If you’re still reading this, let me give you a few reasons why this grandparent thing has so captivated Kim and me.  

First, when the grandkids were born, we were able to fully enjoy, understand, and comprehend what we did not fully enjoy, understand, or comprehend when our own children were born.  When Kim and I left the hospital on three different occasions with a child in a car seat, we had no clue what was ahead of us.  We had no idea how hard this parenting thing was going to be. We were somewhere between being thrilled and terrified. When the grandkids came along, we could not only enjoy it, but savor the moment.  And just like our parents did for us, Kim and I were eager to help at a moment’s notice.  

Second, while we assume we get to enjoy our kids in their adult years, there is no guarantee we will see our grandkids in those future seasons.  

The word “legacy” comes to mind.  How will we as grandparents love, support, encourage, and prepare them for a future that at some point will most likely not include us?

For me, it was a wake up call that I really did have a responsibility and a privilege to be an example that my grandkids would never forget.

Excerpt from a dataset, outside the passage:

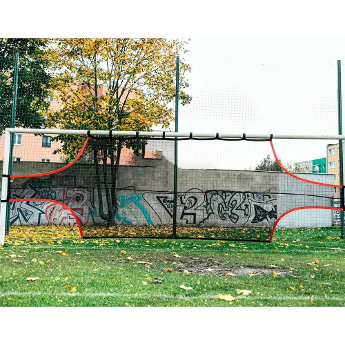 Net med grebssystem ved hjælp af elastikbånd til stolperne og overliggeren. Med pigge til placering i den (valgfrie) nederste del, til naturgræs. Fodboldmål. Dimensioner: 7,5x2,5m.

Third, becoming a grandfather has helped me become a better pastor.  It immediately occurred to me that my influence as a pastor was generational, and not just in my own family, but in my church family.  

Having been with my church now for 36 years, some of the kids I held as infants--years later did their weddings--I’m now presiding over in the infant dedication ceremonies for their children. I’m now pastoring families with four and five generations of family in our church.  My grandsons represent the fourth generation of our family in our church.  

What kind of leader does this call me to be as I consider the future?

On my way home from church this week, I heard a song that I first heard over twenty years ago. It may be an old song, but the words are more true for me today than they were then: “May those who come behind us find us faithful.”  

It was a good reminder that my work as a pastor is not about me, or my generation, or our preferences, comforts, or traditions. It is about keeping the simple yet powerful message of Jesus as clear as I can, so those who come behind me will know Him and consider me to have been faithful.